Ia mengisahkan secuplik kisah perjuangan suaminya dalam melawan kanker. Suaranya tegas dan sangat tenang. Namun duka tak terbendung ketika ia mengisahkan percakapannya dengan sang suami menjelang ajal menjemput, “Apa yang harus saya lakukan kalau kamu tiada? Saya harus bagaimana?”
Keheningan kemudian menyeruak dan memenuhi seisi ruangan. Dengan mengusap air mata yang tak terbendung, sang istri berusaha untuk menguatkan diri untuk melanjutkan.
“Saya memegang tangannya yang makin kurus. Saya menunggu ia menjawab. Dengan senyumnya yang lebar itu ia mengatakan, ‘Lakukan hal yang membuatmu bahagia. Kamu selalu suka mengajar, kamu bisa mencari sekolah dan menjadi guru di sana.
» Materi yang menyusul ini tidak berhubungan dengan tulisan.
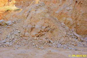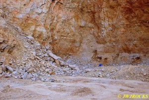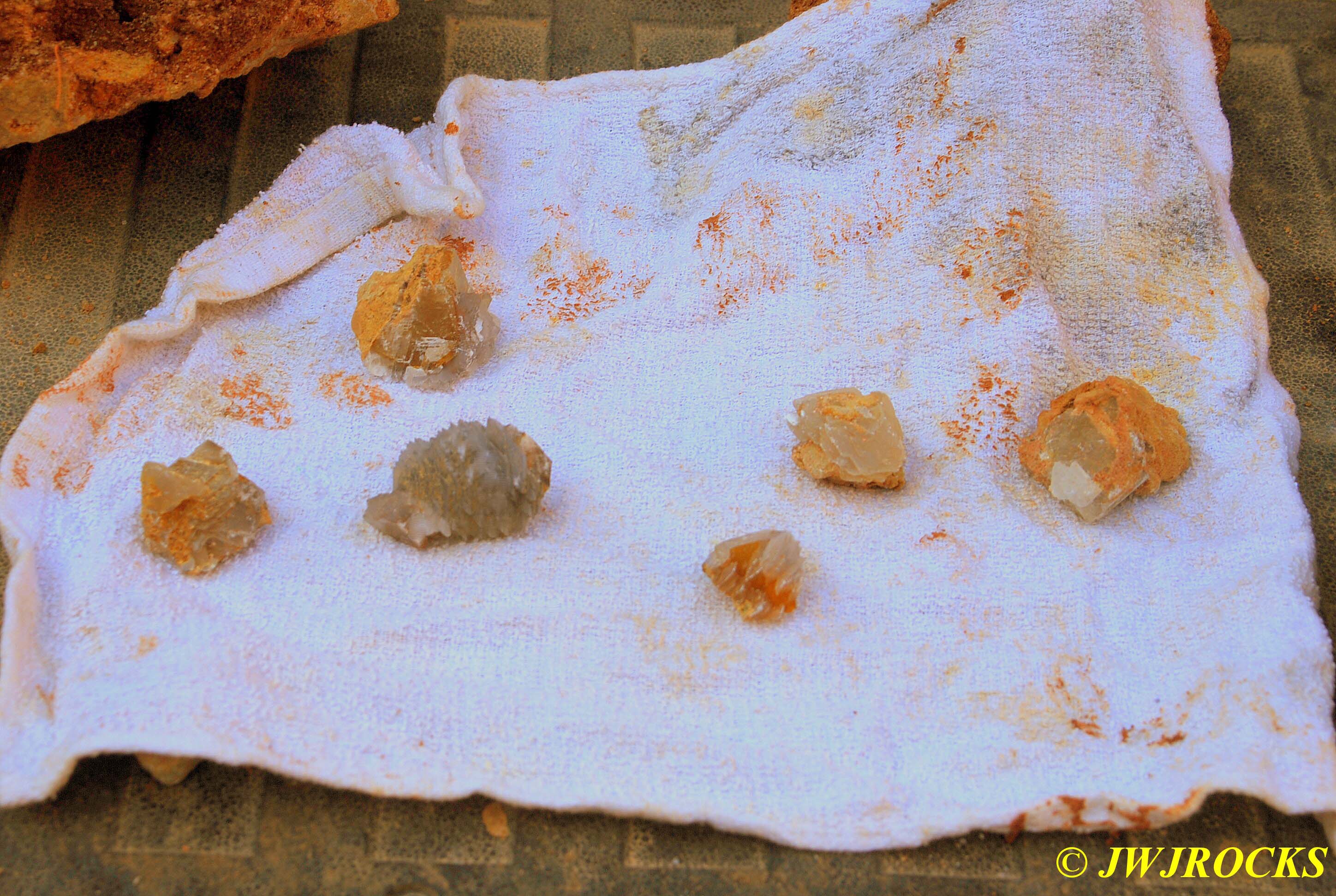 It was 10:30 am before I finished cleaning it out and by then I was not only tired but famished as well, not having had any breakfast other than a can of Arizona green tea on the way down. I drank some more tea and then decided to check the pile on the right of the cove, where the machinery had been removing some of the base of the pile, and I started finding black poker chip singles, and small clusters all over the place, most with very little damage, some with some matrix attached. I filled my shirt up, as I hadn`t brought a bag with me, and then carried them to the truck, wrapped them up, and headed home.

Suasana baru mungkin menjadi energi segar untuk kamu terus melangkah. Kamu bisa tetap tinggal di sini, di gereja ini. Orang-orang yang sudah kamu kenal, suasana yang nyaman untukmu, dan kenangan kita juga bisa mendorongmu untuk membuka lembaran baru. Apapun pilihanmu, aku ingin kamu terus melanjutkan hidup. Hidupku mungkin segera berakhir, tapi hidupmu masih panjang. Isilah dengan kebahagiaan.’
Ia tak lagi mampu melanjutkan. Ia terisak dan terus berusaha menyeka air mata. Puluhan pasang mata yang ada di ruangan itu juga basah, merasakan duka dan kehilangan yang dalam.
“Hari ini adalah hari terakhir saya melihat tubuhnya. Saya mungkin tak bisa lagi memeluknya, tak bisa lagi menatap wajahnya. Tetapi saya memilih untuk memakai semangat hidupnya, mengingat pesan-pesan terakhirnya, dan melanjutkan langkah dengan kenangan tentangnya.”